* **AVAILABLE RECORDS**
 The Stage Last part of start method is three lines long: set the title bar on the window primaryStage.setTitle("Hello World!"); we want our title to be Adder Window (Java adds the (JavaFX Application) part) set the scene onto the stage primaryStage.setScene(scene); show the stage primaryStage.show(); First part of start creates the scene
--
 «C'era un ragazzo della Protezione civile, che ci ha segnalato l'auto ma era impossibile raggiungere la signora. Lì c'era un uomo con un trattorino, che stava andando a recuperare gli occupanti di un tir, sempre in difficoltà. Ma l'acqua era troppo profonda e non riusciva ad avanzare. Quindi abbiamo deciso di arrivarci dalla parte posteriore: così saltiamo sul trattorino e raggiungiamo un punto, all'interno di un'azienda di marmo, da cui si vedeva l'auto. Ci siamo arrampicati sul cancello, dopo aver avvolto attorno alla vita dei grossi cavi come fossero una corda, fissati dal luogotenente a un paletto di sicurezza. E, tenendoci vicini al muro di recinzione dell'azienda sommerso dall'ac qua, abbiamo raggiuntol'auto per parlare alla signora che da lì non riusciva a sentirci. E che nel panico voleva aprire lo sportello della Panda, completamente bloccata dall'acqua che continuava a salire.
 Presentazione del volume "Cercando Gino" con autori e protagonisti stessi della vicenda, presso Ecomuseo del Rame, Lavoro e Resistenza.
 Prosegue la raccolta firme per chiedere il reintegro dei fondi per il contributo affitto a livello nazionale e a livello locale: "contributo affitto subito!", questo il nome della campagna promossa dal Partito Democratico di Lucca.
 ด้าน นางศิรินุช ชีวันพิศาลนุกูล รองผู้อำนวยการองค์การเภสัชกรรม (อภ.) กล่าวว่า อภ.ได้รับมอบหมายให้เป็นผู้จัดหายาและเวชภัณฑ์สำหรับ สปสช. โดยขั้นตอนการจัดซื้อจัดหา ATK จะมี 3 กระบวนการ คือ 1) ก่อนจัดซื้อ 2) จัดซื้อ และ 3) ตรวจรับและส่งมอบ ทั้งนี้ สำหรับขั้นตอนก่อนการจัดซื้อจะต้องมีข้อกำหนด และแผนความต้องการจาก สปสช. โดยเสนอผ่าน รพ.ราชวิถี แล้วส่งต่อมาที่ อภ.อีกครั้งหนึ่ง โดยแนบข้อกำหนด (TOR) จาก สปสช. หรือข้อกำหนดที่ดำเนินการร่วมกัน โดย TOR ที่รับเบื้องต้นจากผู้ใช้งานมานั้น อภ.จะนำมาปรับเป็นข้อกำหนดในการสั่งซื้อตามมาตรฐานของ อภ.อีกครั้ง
--
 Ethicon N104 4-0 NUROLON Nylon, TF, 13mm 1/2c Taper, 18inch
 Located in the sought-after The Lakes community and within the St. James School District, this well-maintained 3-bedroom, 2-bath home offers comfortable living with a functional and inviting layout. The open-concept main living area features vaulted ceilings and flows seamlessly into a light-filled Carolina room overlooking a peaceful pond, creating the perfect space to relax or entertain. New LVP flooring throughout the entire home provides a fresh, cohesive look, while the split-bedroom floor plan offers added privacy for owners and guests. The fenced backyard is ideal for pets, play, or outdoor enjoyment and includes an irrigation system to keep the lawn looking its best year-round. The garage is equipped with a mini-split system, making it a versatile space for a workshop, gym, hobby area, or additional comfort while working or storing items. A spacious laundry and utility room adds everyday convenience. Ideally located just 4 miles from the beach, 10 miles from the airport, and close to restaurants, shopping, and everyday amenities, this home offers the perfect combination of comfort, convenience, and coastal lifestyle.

* **PROMPT**
Above this instruction are the records; retype exactly the lines from the one containing "Presentazione del volume" up to and including the one containing "ด้าน นางศิรินุช ชีวันพิศาลนุกูล".

* **EXERCISE ANSWER**
 Presentazione del volume "Cercando Gino" con autori e protagonisti stessi della vicenda, presso Ecomuseo del Rame, Lavoro e Resistenza.
 Prosegue la raccolta firme per chiedere il reintegro dei fondi per il contributo affitto a livello nazionale e a livello locale: "contributo affitto subito!", questo il nome della campagna promossa dal Partito Democratico di Lucca.
 ด้าน นางศิรินุช ชีวันพิศาลนุกูล รองผู้อำนวยการองค์การเภสัชกรรม (อภ.) กล่าวว่า อภ.ได้รับมอบหมายให้เป็นผู้จัดหายาและเวชภัณฑ์สำหรับ สปสช. โดยขั้นตอนการจัดซื้อจัดหา ATK จะมี 3 กระบวนการ คือ 1) ก่อนจัดซื้อ 2) จัดซื้อ และ 3) ตรวจรับและส่งมอบ ทั้งนี้ สำหรับขั้นตอนก่อนการจัดซื้อจะต้องมีข้อกำหนด และแผนความต้องการจาก สปสช. โดยเสนอผ่าน รพ.ราชวิถี แล้วส่งต่อมาที่ อภ.อีกครั้งหนึ่ง โดยแนบข้อกำหนด (TOR) จาก สปสช. หรือข้อกำหนดที่ดำเนินการร่วมกัน โดย TOR ที่รับเบื้องต้นจากผู้ใช้งานมานั้น อภ.จะนำมาปรับเป็นข้อกำหนดในการสั่งซื้อตามมาตรฐานของ อภ.อีกครั้ง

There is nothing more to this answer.